1. ## Continuity Question with Piecewise Defined Function and Absolute Values

Determine the values of b and c so that the following function is continuous:

$\displaystyle f(x) = \left\{\begin{array}{cc}x+1,&\mbox{ if } 1< {x}< 3\\x^2 + bx + c, & \mbox{ if } \lvert x+2 \rvert \geq 1\end{array}\right$

Restating this function to remove the absolute values, I get:

$\displaystyle f(x) = \left\{\begin{array}{cc}x^2 + bx + c,&\mbox{ if } {x}\leq -3\\ x^2 + bx + c, & \mbox{ if } x \geq -1\\x + 1 , &\mbox{ if } 1 < x < 3 \end{array}\right$

But this makes absolutely no sense to me since I can see no way that this function can be continuous defined like I have done it.

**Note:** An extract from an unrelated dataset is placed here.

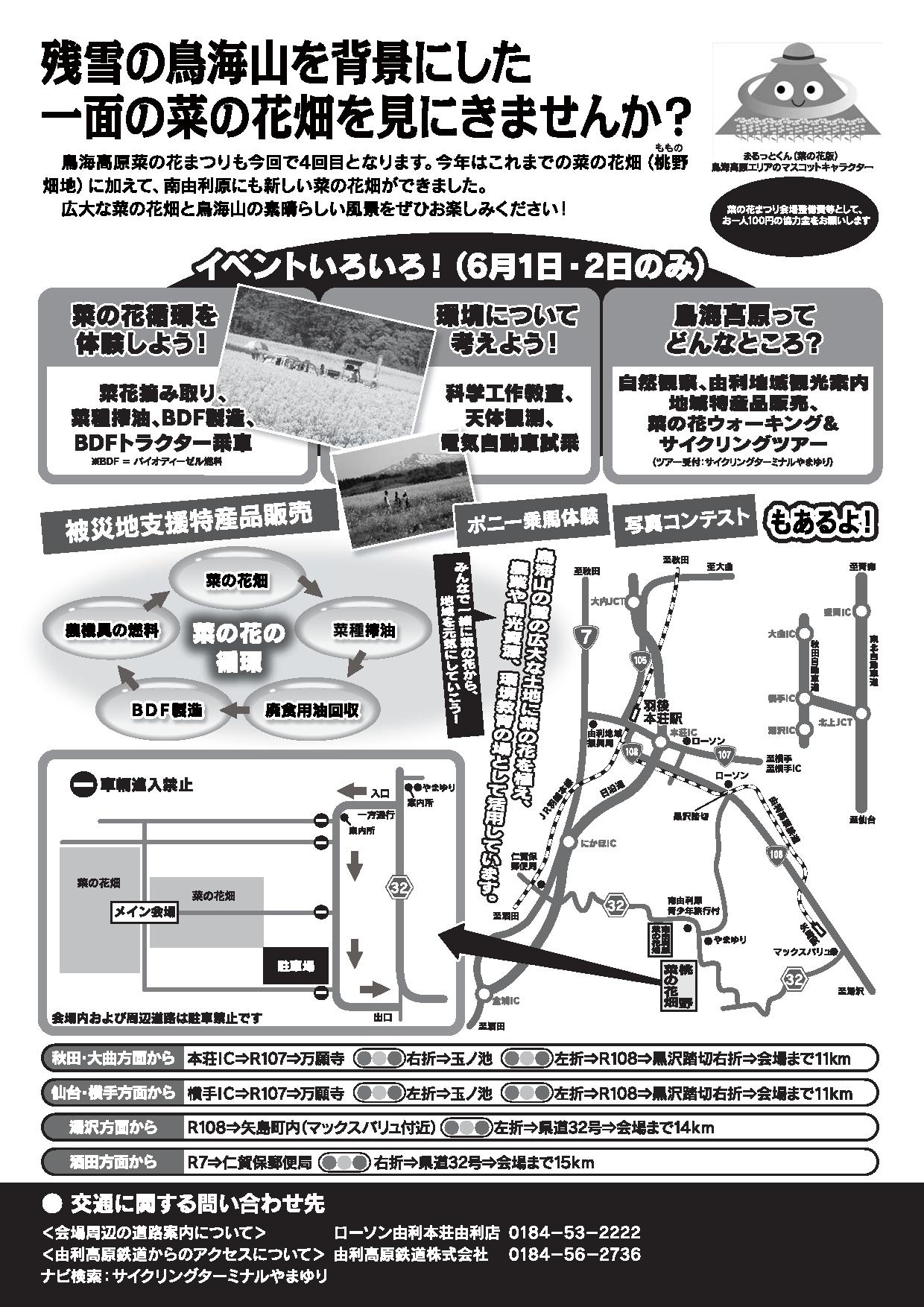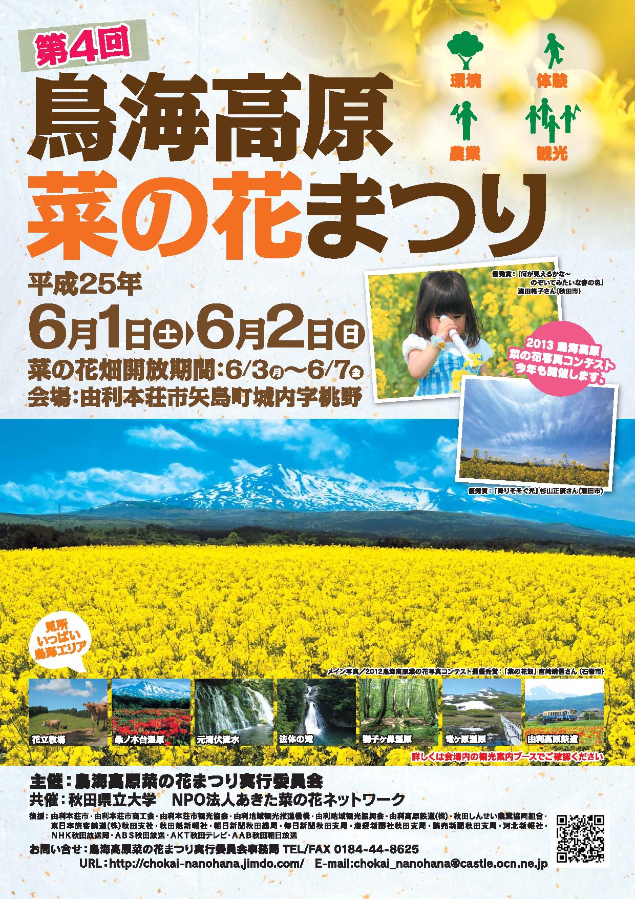 平成25年6月1日(土)⇒6月2日(日)に鳥海高原(由利本荘市矢島町桃野)で、第4回菜の花まつりが開催されます。「菜の花摘み取り」「BDFトラクターの乗車」「被災地支援特産品販売」等イベント盛り沢山です。是非、黄色一面の菜の花畑で楽しい1日をお過ごし下さい。

I must be screwing up the absolute value inequality.

Can somebody help?

Thanks.

2. Are you sure that it's not $\displaystyle \displaystyle x^2 + bx + c$ if $\displaystyle \displaystyle |x - 2| \geq 1$?

Because then $\displaystyle \displaystyle x - 2 \leq -1$ or $\displaystyle \displaystyle x - 2 \geq 1$

$\displaystyle \displaystyle x \leq 1$ or $\displaystyle \displaystyle x \geq 3$.

This would at least ensure that your function is at least DEFINED for all values over your given domain...

3. It says x + 2, but that has to be a typo. I'm going to treat it as x - 2, since it's the only way that I know how to solve this problem.

Thanks.